- EXERCISE -
Copy the records below exactly, leaving out every picture.

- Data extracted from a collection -
☆ ☆ ☆ ☆ ☆
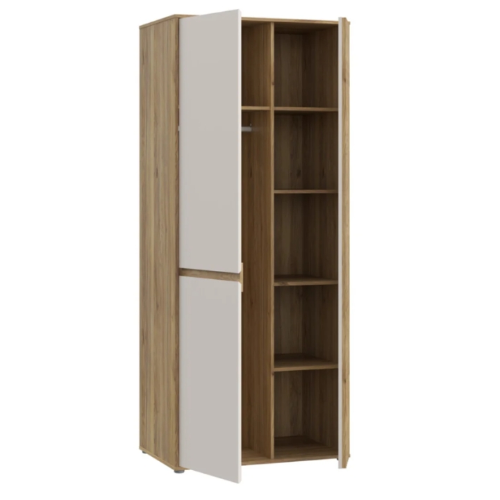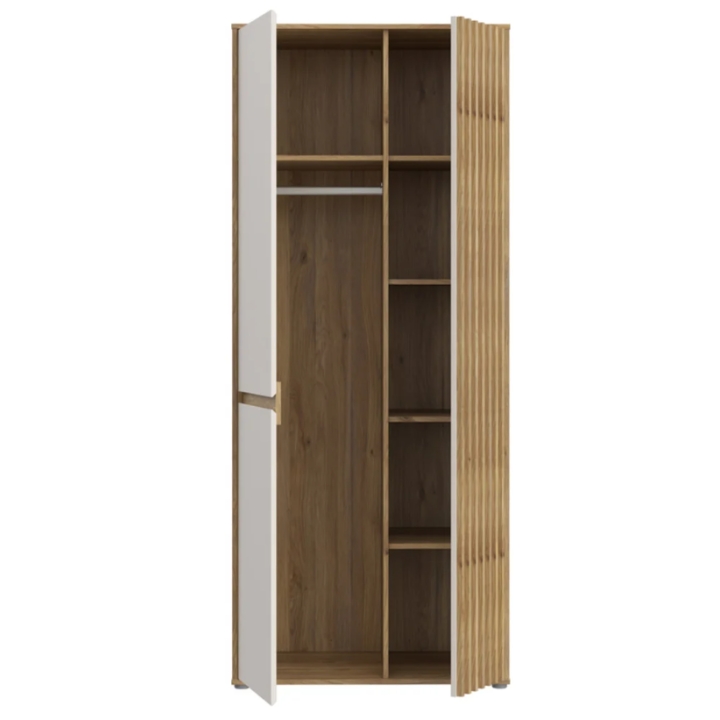 The Eliston 84 cm two-door wardrobe is the perfect choice for those in need of a compact but roomy piece of storage furniture. Its clever interior layout combines a clothes rail on the left side with five functional shelves on the right side - hidden behind decorative MDF slatted doors. This division provides optimum space for both a hanging wardrobe and folded clothes or home textiles.
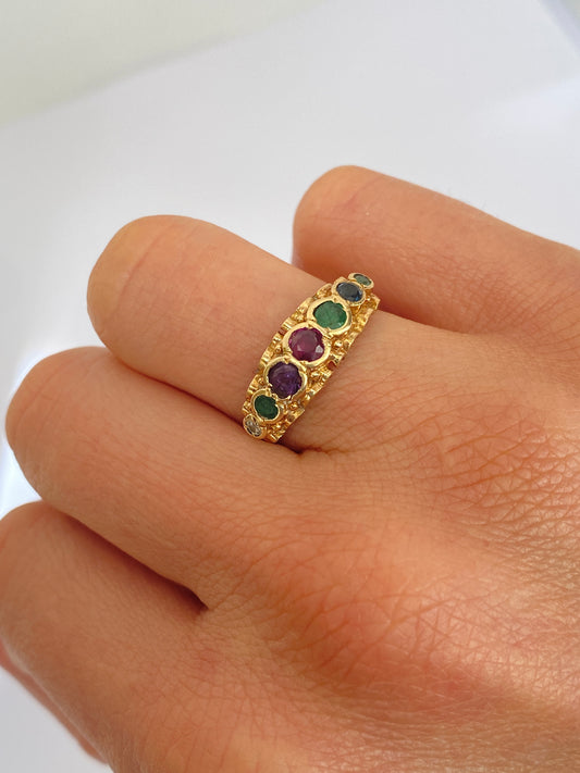 Vintage, 9ct Gold, Dearest, Acrostic Multi Gemstone Ring, Hallmarked London 1973
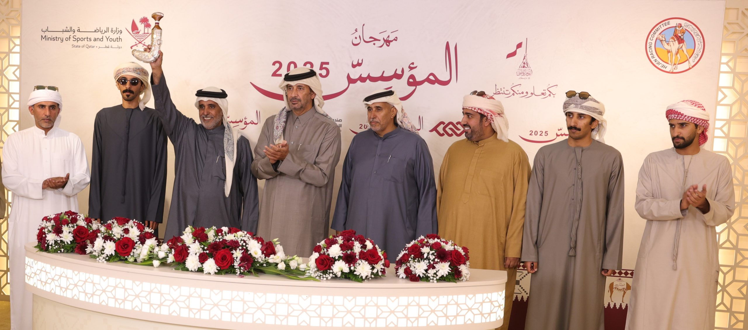 أول أشواط الرموز بالمهرجان السنوي للهجن العربية الأصيلة على سيف المؤسس الشيخ جاسم بن محمد بن ثاني “طيب الله ثراه”.
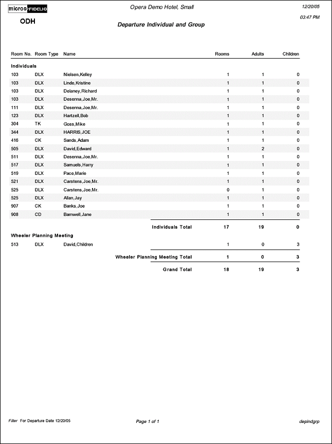 The Departures, Individual, and Groups Report displays all departures of individual guests and groups sorted by room number for a given date. Individual departures also list the number of adults and children associated with reservations having a departure date of this day. The Group departures section lists reservations by Group name, rather than the primary guest name on the reservation. Print this report to analyzed departure activity for your hotel on a specified day.
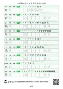 人教版小学一年级语文下册生字笔顺
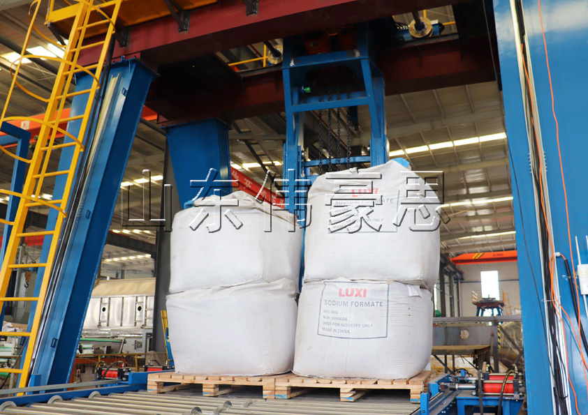 4.物料(liao)輸送至待裝車區,通(tong)過(guo)推出(chu)器,將噸(dun)包推到裝車機叉齒(chi)上
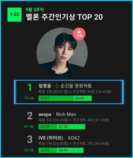 (엑스포츠뉴스 이정범 기자) 임영웅이 9월 3주 차 멜론 주간 인기상 1위에 올랐다.
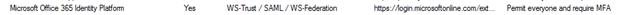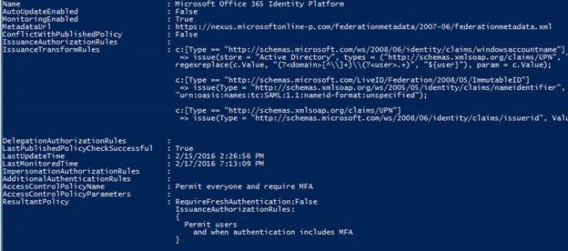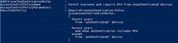 Set-AdfsRelyingPartyTrust -AccessControlPolicyName ‘Permit everyone and require MFA’ -targetidentifier https://login.microsoftonline.com/extSTS.srf
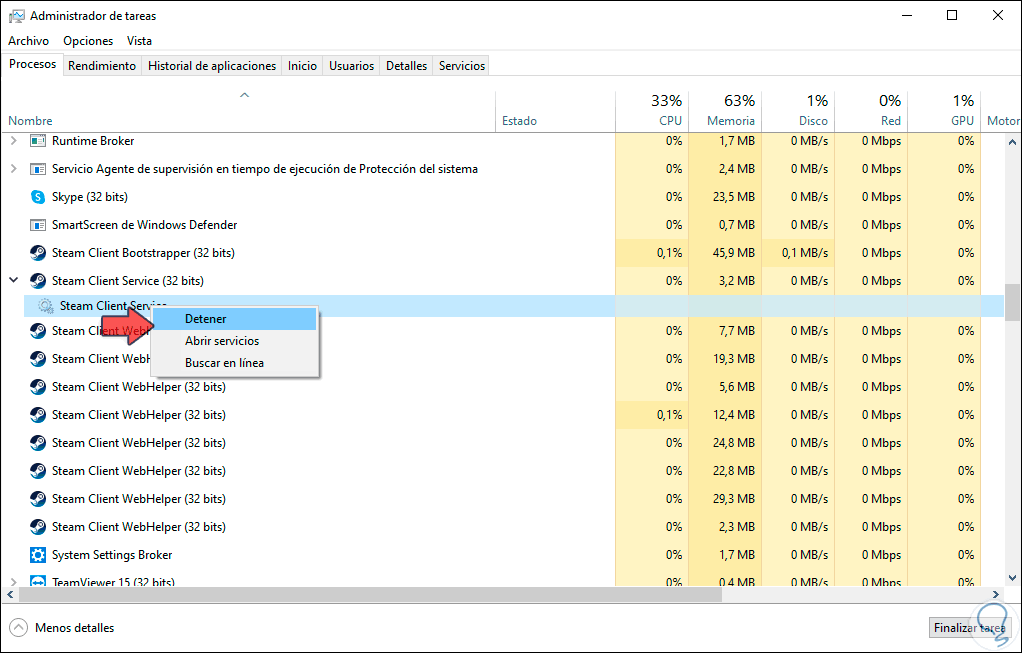 Para esto, en Windows 10, vamos al Administrador de tareas y en la pestaña “Procesos” iremos a la sección “Procesos en segundo plano” y allí ubicamos la línea “Steam Client Service”, desplegamos sus opciones y damos clic derecho sobre el servicio “Steam Client Service” y seleccionamos “Detener”:
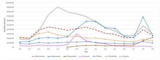 The reimbursement cost trends for griseofulvin, tioconazole, natamycin, ketoconazole, terbinafine, butoconazole, and efinaconazole closely mirror the patterns observed in their utilization curves, as indicated by joinpoint regression analyses. In contrast, the changes in reimbursement costs for the other medications did not align with the patterns seen in their prescription rates. Nystatin and clotrimazole spending exhibited more pronounced initial growth compared to their utilization curves, with APC = 57.28% and 31.53% (p-value < 0.05), followed by a steeper decline (APC = −12.28% and −5.55%, p-value < 0.05), respectively, resulting in a narrower angle. In contrast, terconazole showed a more gradual increase over a more extended period of time (APC = 8.85%, p-value < 0.05), with a sharper, fluctuated decline (APC = −3.55%, p-value < 0.05) when compared with its utilization slope. Over the initial three years, both oxiconazole and naftifine demonstrated an upward trend, with naftifine experiencing a more pronounced increase in 2011. However, both medications significantly declined from 2011 to 2014, characterized by approximately equivalent annual percentage changes (APC). Subsequently, both agents entered a plateau phase. This trend was reversed for oxiconazole after 2021 and saw a substantial increase in APC, reaching 78.29%. Butenafine and miconazole exhibited consistent decreases over the years. However, this downward trend ceased for miconazole in 2015, resulting in a stabilization of its utilization at a steady state. Econazole showed initial fluctuations, followed by a notable peak in 2015, with a subsequent sharp decline. Ciclopirox exhibited no discernible pattern, as its levels fluctuated throughout the study period (Figure S5, Supplementary Materials).
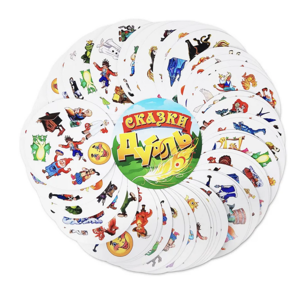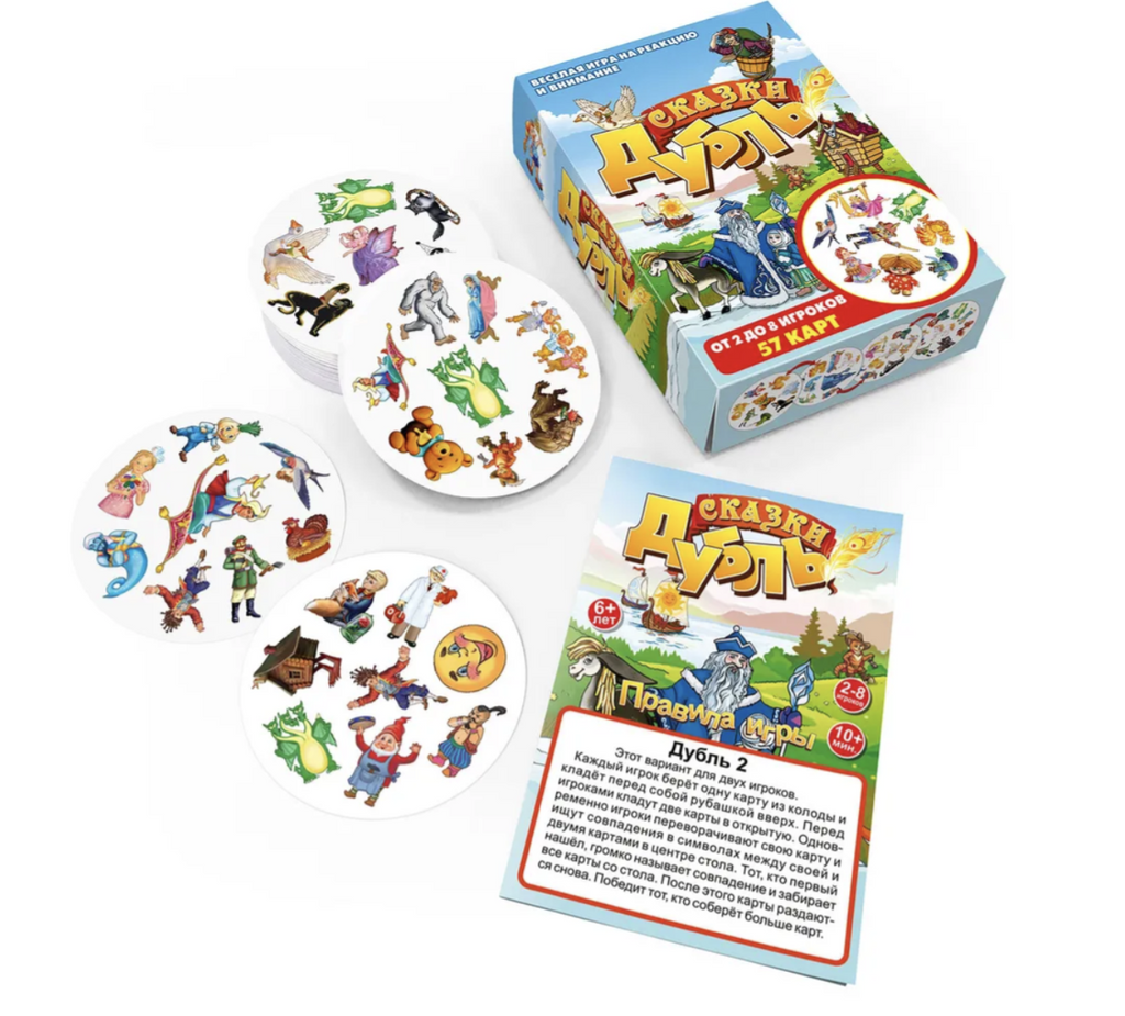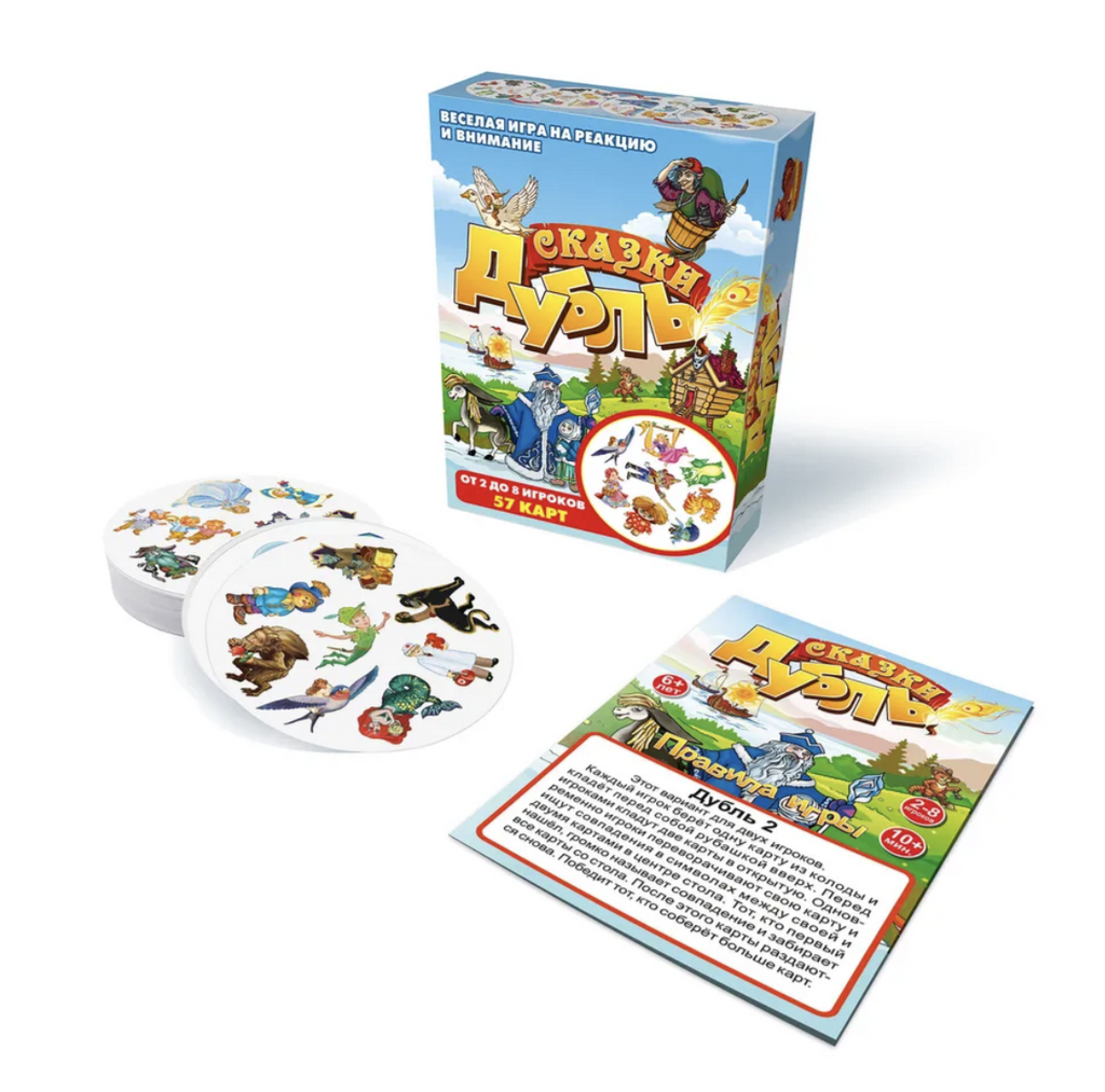 Веселая игра на внимание и реакцию для всей семьи. Цель: находить одинаковые изображения на карточках. В состав игры входит 57 круглых карточек, на каждой из которых размещено 8 рисунков. При этом на двух любых карточках всегда есть только один общий рисунок. Игра Дубль тренирует внимательность и скорость реакции. Она будет интересна и детям и взрослым. И подойдет и для детских праздников, и для семейных игр, и для посиделок с друзьями. Благодаря компактному размеру игру удобно брать с собой. На всех картинках в игре изображены сказочные персонажи. Карточки выполнены из достаточно плотного глянцевого картона.
☆ ☆ ☆ ☆ ☆
- RESPONSE FOR THIS EXERCISE -
 The Eliston 84 cm two-door wardrobe is the perfect choice for those in need of a compact but roomy piece of storage furniture. Its clever interior layout combines a clothes rail on the left side with five functional shelves on the right side - hidden behind decorative MDF slatted doors. This division provides optimum space for both a hanging wardrobe and folded clothes or home textiles.
 Vintage, 9ct Gold, Dearest, Acrostic Multi Gemstone Ring, Hallmarked London 1973
 أول أشواط الرموز بالمهرجان السنوي للهجن العربية الأصيلة على سيف المؤسس الشيخ جاسم بن محمد بن ثاني “طيب الله ثراه”.
 The Departures, Individual, and Groups Report displays all departures of individual guests and groups sorted by room number for a given date. Individual departures also list the number of adults and children associated with reservations having a departure date of this day. The Group departures section lists reservations by Group name, rather than the primary guest name on the reservation. Print this report to analyzed departure activity for your hotel on a specified day.
 人教版小学一年级语文下册生字笔顺
 4.物料(liao)輸送至待裝車區,通(tong)過(guo)推出(chu)器,將噸(dun)包推到裝車機叉齒(chi)上
 (엑스포츠뉴스 이정범 기자) 임영웅이 9월 3주 차 멜론 주간 인기상 1위에 올랐다.
 Set-AdfsRelyingPartyTrust -AccessControlPolicyName ‘Permit everyone and require MFA’ -targetidentifier https://login.microsoftonline.com/extSTS.srf
 Para esto, en Windows 10, vamos al Administrador de tareas y en la pestaña “Procesos” iremos a la sección “Procesos en segundo plano” y allí ubicamos la línea “Steam Client Service”, desplegamos sus opciones y damos clic derecho sobre el servicio “Steam Client Service” y seleccionamos “Detener”:
 The reimbursement cost trends for griseofulvin, tioconazole, natamycin, ketoconazole, terbinafine, butoconazole, and efinaconazole closely mirror the patterns observed in their utilization curves, as indicated by joinpoint regression analyses. In contrast, the changes in reimbursement costs for the other medications did not align with the patterns seen in their prescription rates. Nystatin and clotrimazole spending exhibited more pronounced initial growth compared to their utilization curves, with APC = 57.28% and 31.53% (p-value < 0.05), followed by a steeper decline (APC = −12.28% and −5.55%, p-value < 0.05), respectively, resulting in a narrower angle. In contrast, terconazole showed a more gradual increase over a more extended period of time (APC = 8.85%, p-value < 0.05), with a sharper, fluctuated decline (APC = −3.55%, p-value < 0.05) when compared with its utilization slope. Over the initial three years, both oxiconazole and naftifine demonstrated an upward trend, with naftifine experiencing a more pronounced increase in 2011. However, both medications significantly declined from 2011 to 2014, characterized by approximately equivalent annual percentage changes (APC). Subsequently, both agents entered a plateau phase. This trend was reversed for oxiconazole after 2021 and saw a substantial increase in APC, reaching 78.29%. Butenafine and miconazole exhibited consistent decreases over the years. However, this downward trend ceased for miconazole in 2015, resulting in a stabilization of its utilization at a steady state. Econazole showed initial fluctuations, followed by a notable peak in 2015, with a subsequent sharp decline. Ciclopirox exhibited no discernible pattern, as its levels fluctuated throughout the study period (Figure S5, Supplementary Materials).
 Веселая игра на внимание и реакцию для всей семьи. Цель: находить одинаковые изображения на карточках. В состав игры входит 57 круглых карточек, на каждой из которых размещено 8 рисунков. При этом на двух любых карточках всегда есть только один общий рисунок. Игра Дубль тренирует внимательность и скорость реакции. Она будет интересна и детям и взрослым. И подойдет и для детских праздников, и для семейных игр, и для посиделок с друзьями. Благодаря компактному размеру игру удобно брать с собой. На всех картинках в игре изображены сказочные персонажи. Карточки выполнены из достаточно плотного глянцевого картона.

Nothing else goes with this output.